Rather than obsessively viewing these 15 songs as memoir, consider them a universal hymnal of young women evolving. If “End Game”—featuring Future and Ed Sheeran—recognizes and plays cads at their own game, preferring the chase to the being used and discarded, “I Did Something Bad” spikes the exhilaration of standing up. Mess with Taylor, charming Lotharios, and endure the consequences! Testing limits, figuring the score, acting as you see fit instead of bowing to the expectations of how good girls act; these songs embody the realities of ownership. Again, at 27, Swift sees no other way. Nor should she.

But it’s also more complicated. On the gentle “Delicate,” Swift balances between unspoken desire and expression, knowing things that move too fast often falter, yet wanting to know. If not taking charge, she’s actively present, not passively riding momentum and fretting. To engage, it seems, is just the beginning.


“Dress” recalls Parade-era Prince. Swift admits the dress is for the guy to take off. Again addressing desire, she creates a small-scale frisson of deeper connection versus the produced romance fantasies.

Even on “Gorgeous”—where conflicted emotions sets the stage—she’s seen showing up and being honest about attraction. How hard that can be, and yet, how often do most of us deny? Here, it is laid out and lures us in. And then with “Dancing With Our Hands Tied”—where she confesses, “darling, you had turned my bed into a sacred oasis”—she follows suit, acknowledging the path is seldom clear; you can want and act, but it’s not always simple. Gossip, fear and bad days must be navigated; only then can one arrive at real intimacy.

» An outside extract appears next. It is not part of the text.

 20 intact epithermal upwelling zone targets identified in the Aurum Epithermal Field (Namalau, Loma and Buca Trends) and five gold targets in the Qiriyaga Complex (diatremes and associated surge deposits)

Acknowledging this complication is part of the maturation of Taylor Swift. As is the unadorned candor of her writing. Musically, too, there’s a ripeness to the tracks. Though, again enlisting Max Martin, Shellback and Jack Antonoff, she presses them to relinquish their signature tricks to create something cohesive from track to track—also to give the songs more room for the emotion to exist between the notes.

Yes, of course, there is the big-production Taylor. “That’s Why We Can’t Have Nice Things” bookends “Look What You Made Me Do” as its silkier cousin, but still considers the beefs, the tantrums, the tabloid moments as impediments to the life she wishes for beyond social media.

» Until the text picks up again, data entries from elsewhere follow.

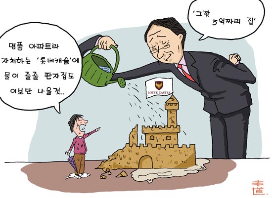 롯데건설의 '롯데캐슬'은 아파트 브랜드가 아니라 '판잣집'브랜드만도 못합니다. 판잣집도 새로 지으면 물이 새지 않습니다. 명색이 아파트인 데 온 집안이 물바다가 됐습니다"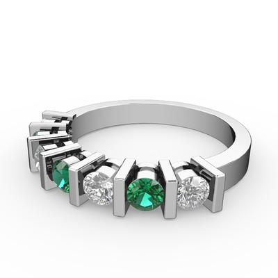 Yeşil kuvars ve pırlanta 14 ayar beyaz altın yüzük (0.33 karat)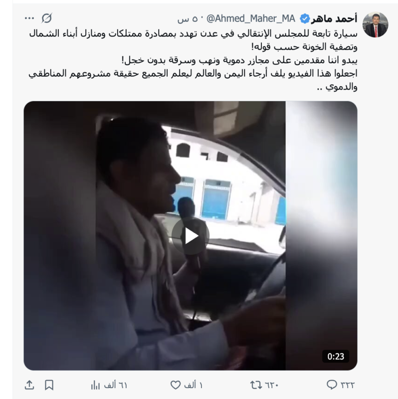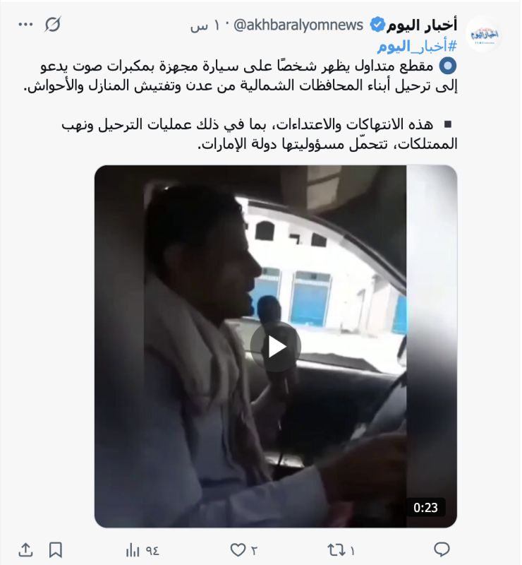 نشرت حسابات وصفحات على منصات التواصل الاجتماعي إكس وفيس بوك مقطع فيديو، مدعية أنه لسيارة تتبع الانتقالي الجنوبي في عدن تهدد بمصادرة ممتلكات ومنازل أبناء الشمال

These are not easy things: the glamour and slickness of production is its own narcotic, but as a girl raised on country songwriting, she recognizes “songs” can be devices for production tricks. This feels like an attempt to deliver songs that work stripped down as well as tarted up with loops, triggers, samples and whatever else dazzles.

That starkness leaves the vividly detailed “New Year’s Day” as a hushed coda after the entire cycle’s played out. With a tumble of piano notes, Swift emerges from the aftermath of a party, settled and seeking solace with “the one.” It’s not grand declarations, nor surging arrangements, that hold the song to terre firme; instead, it is the idea of staying (“When it’s hard, or wrong, or we’re making mistakes, I’ll be cleaning up bottles with you on New Year’s Day”) that anchors the future.

Subtler than much of her canon, reputation is polished without being glossy. Restraint may be too strong a word, but a definite sense, even with the turbo/techno challenge of “Look What You Made Me Do” and “Ready For It,” emerges that intimacy (between the subjects, but also for the listeners) was the goal. In a career of girl power anthems, sweeping ballads and mid-tempos that rush up and whirl you, sinking into these songs is where the rewards exist. Listen, drift and feel—and for some of us, remember—what owning your worth, your life, your destiny is made of.

It’s not simple stuff. But by stripping things down instead of yielding to the temptation for steroid overload, and by embracing the silvery, feather-light part of her voice, what is complicated has room to unfurl. Coming to those intricacies without fighting through bombast, accelerated rhythms and myriad layers, the listener sees their own truth, moments of self-determination and lust, possibly even yielding new realizations.

Can a pop record do all that? Maybe. Or maybe it’s just a way to surrender to the places young people explore, and the rest of us too easily forget. If not destined for spin class, reputation is destined for red wine and a time to unwind all the knots and clots of expectation.